Provider	Recommended Models
Anthropic	`claude-3-5-sonnet-20241022`, `claude-3-opus-20240229`, `claude-3-haiku-20240307`
OpenAI	`gpt-4o`, `gpt-4o-mini`
Google	`gemini-2.0-flash`, `gemini-1.5-pro`
Ollama	`llava:latest`, `bakllava:latest`

3. Analyze Images in the TUI¶

There are two ways to include images in your messages:

Method 1: Attach files using the 📎 button

Click the 📎 attachment button in the input area
Select one or more image files
Type your question
Press Enter

Method 2: Reference image paths in your message

Simply type the image path in your message:

Explain the error in screenshot.png

Consoul will automatically detect the image path and include it in your message.

Usage Examples¶

Debugging Terminal Errors¶

> What's wrong in this error? terminal_error.png

[The AI will analyze the screenshot and explain the error]

UI/UX Review¶

> Is this interface accessible? Review ui_mockup.png and suggest improvements.

[The AI analyzes the design for accessibility issues]

Comparing Designs¶

> Compare design_v1.png and design_v2.png. Which is better for mobile users?

[The AI compares both designs and provides recommendations]

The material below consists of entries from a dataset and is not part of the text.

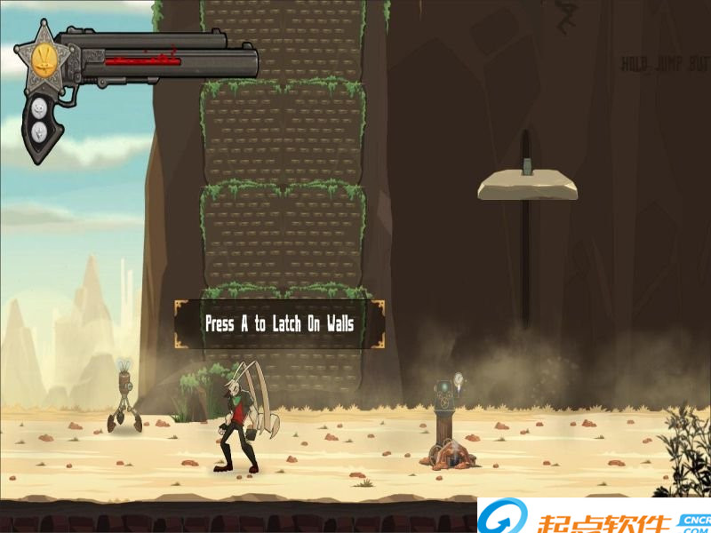 step1.往前走(右),来到一嗰山岩前,连续按两下A键(二段跳)登上上层沙地。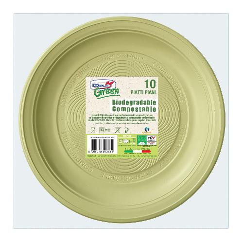 Set piatti piani monouso (22cm) BIO GREEN Verde 40009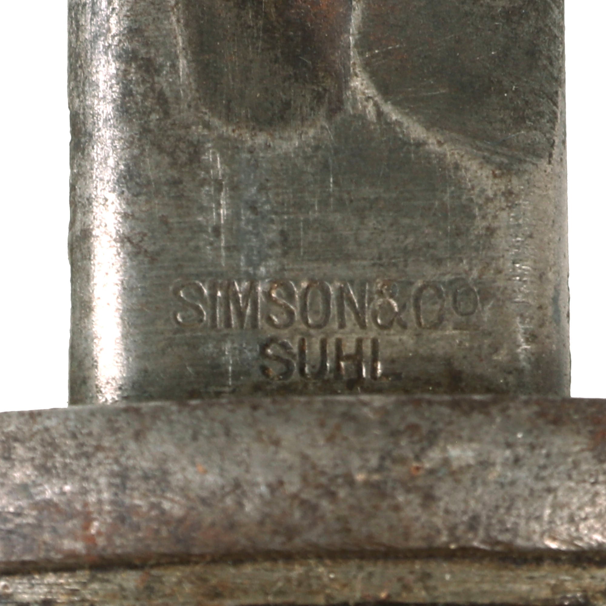 The blade ricasso is maker marked SIMSON & Co. / SUHL, a well-known maker of bayonets during WWI and prior. The company was owned by the Jewish Simson family, so unfortunately in the years leading to WWII, it was "Aryanized", eventually becoming Gustloff-Werke – Waffenwerk Suhl. The spine of the bayonet is dated 1906 with a Wilhelm mark and inspection mark underneath.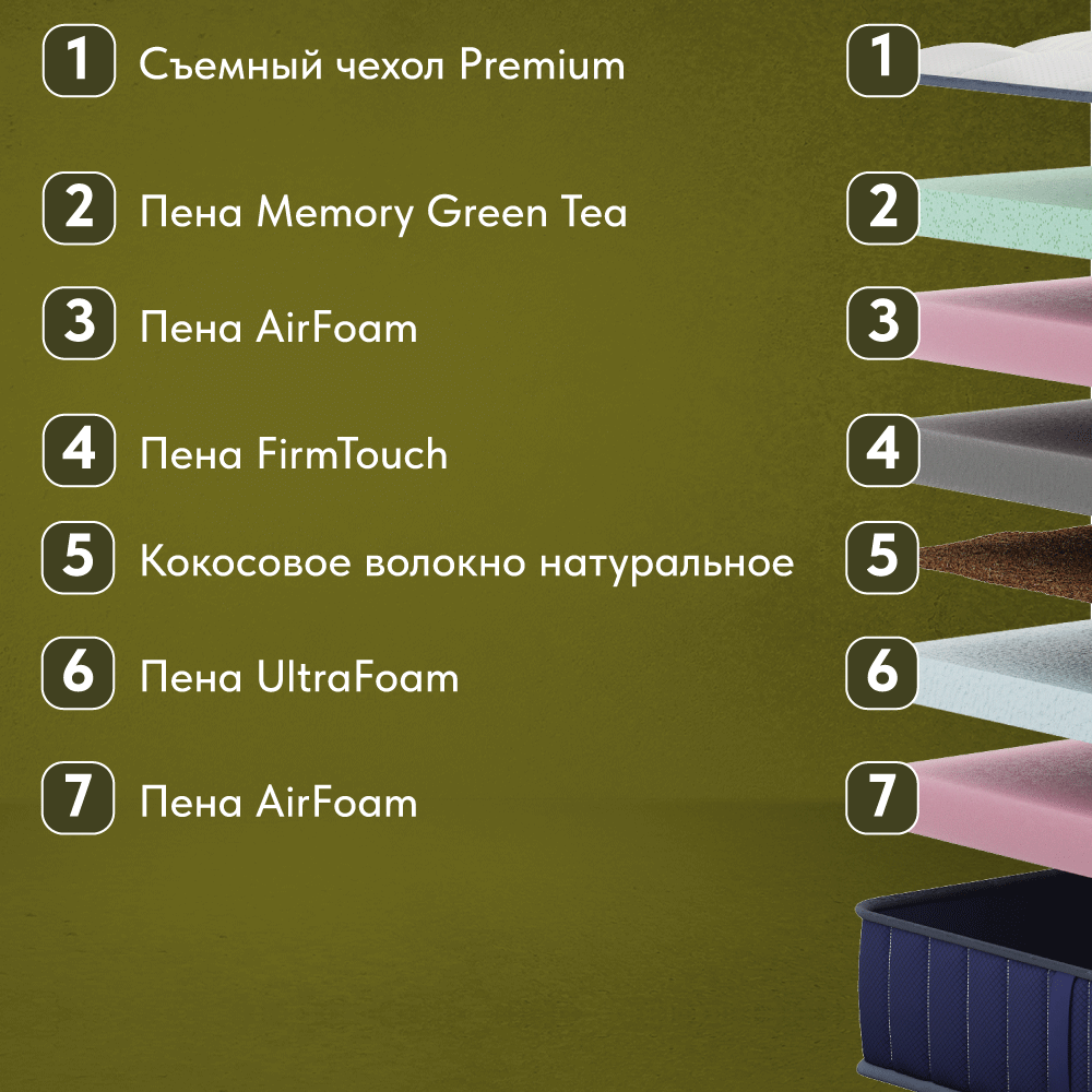 - Пена Memory Green Tea, h 4 см (плотность 50 кг/м³) - Адаптивный слой, создающий эффект медленной адаптивности (3-5 секунд). Memory Green Tea - это материал, пропитанный экстрактом растений, поэтому он не только обеспечивает анатомический комфорт, но и благотворно влияет на кожу и дыхание.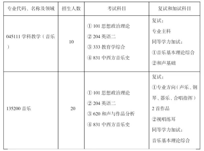 音乐与舞蹈学院全日制专业学位硕士研究生招生专业目录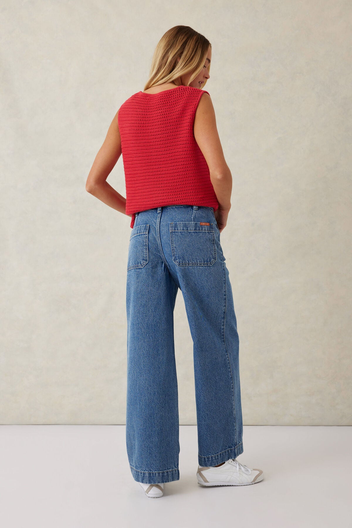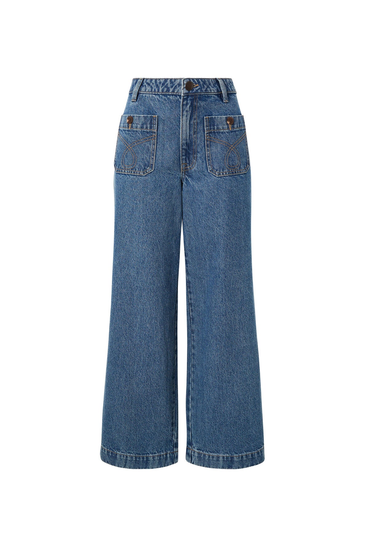 - Made from a rigid denim, make sure to size up if you are in between sizes or prefer a more relaxed fit

Code Review from Screenshot¶

> What does this function do? code_screenshot.png

[The AI reads the code from the screenshot and explains it]

Diagram Analysis¶

> Explain this architecture diagram: system_architecture.png

[The AI interprets the diagram and explains the system design]

Supported Image Formats¶

Format	Extension	Notes
PNG	`.png`	Best for screenshots, diagrams
JPEG	`.jpg`, `.jpeg`	Good for photos, compressed images
GIF	`.gif`	Supported (static only)
WebP	`.webp`	Modern format, smaller file sizes

File Size Limits:

Default maximum: 5 MB per image
Configurable via max_image_size_mb
Total limit: 5 images per query (configurable via max_images_per_query)

Security & Privacy¶

What Data is Sent?¶

When you analyze an image: 1. The image file is read from your local filesystem 2. Encoded as base64 3. Sent to your configured AI provider's API 4. Processed by the vision model 5. Response returned to you

Important: Images are sent to external AI provider APIs (Anthropic, OpenAI, Google, etc.).

Security Features¶

Path Blocking: Sensitive directories are blocked by default:

tools:
  image_analysis:
    blocked_paths:
      - "~/.ssh"
      - "/etc"
      - "~/.aws"
      - "~/.config/consoul"  # Prevent leaking API keys

File Validation:

Extension checking (prevent non-images)
Magic byte validation (prevent extension spoofing)
Size limits (prevent large uploads)
Path traversal prevention (block ../ attacks)

Privacy Best Practices¶

Review before sending - Check which files you're attaching
Redact sensitive info - Edit screenshots to remove passwords, tokens
Use local models - Consider Ollama with llava for fully local processing
Check provider policies - Review data retention policies for Claude, OpenAI, etc.

Configuration Reference¶

ImageAnalysisToolConfig¶

Full configuration options:

tools:
  image_analysis:
    # Enable/disable the feature
    enabled: true

    # Automatically detect image paths in messages (e.g., "analyze screenshot.png")
    auto_detect_in_messages: true

    # Maximum file size per image (MB)
    max_image_size_mb: 5.0

    # Maximum number of images per query
    max_images_per_query: 5

    # Allowed file extensions
    allowed_extensions:
      - ".png"
      - ".jpg"
      - ".jpeg"
      - ".gif"
      - ".webp"

    # Blocked paths (security)
    blocked_paths:
      - "~/.ssh"
      - "/etc"
      - "~/.aws"
      - "~/.config/consoul"
      - "/System"  # macOS system files
      - "/Windows"  # Windows system files

Provider-Specific Considerations¶

Anthropic (Claude):

Best for detailed analysis and reasoning
Supports up to 5 images per request
Max image size: 5 MB (base64 encoded)

OpenAI (GPT-4o):

Fast processing
Good for general image understanding
Supports multiple images

Google (Gemini):

Strong for technical diagrams
Supports large context windows
Native image understanding

Ollama (LLaVA):

Fully local, no data sent to cloud
Requires more VRAM (8GB+)
Slower than cloud models

Troubleshooting¶

"Model doesn't support vision"¶

Problem: Your current model doesn't have vision capabilities.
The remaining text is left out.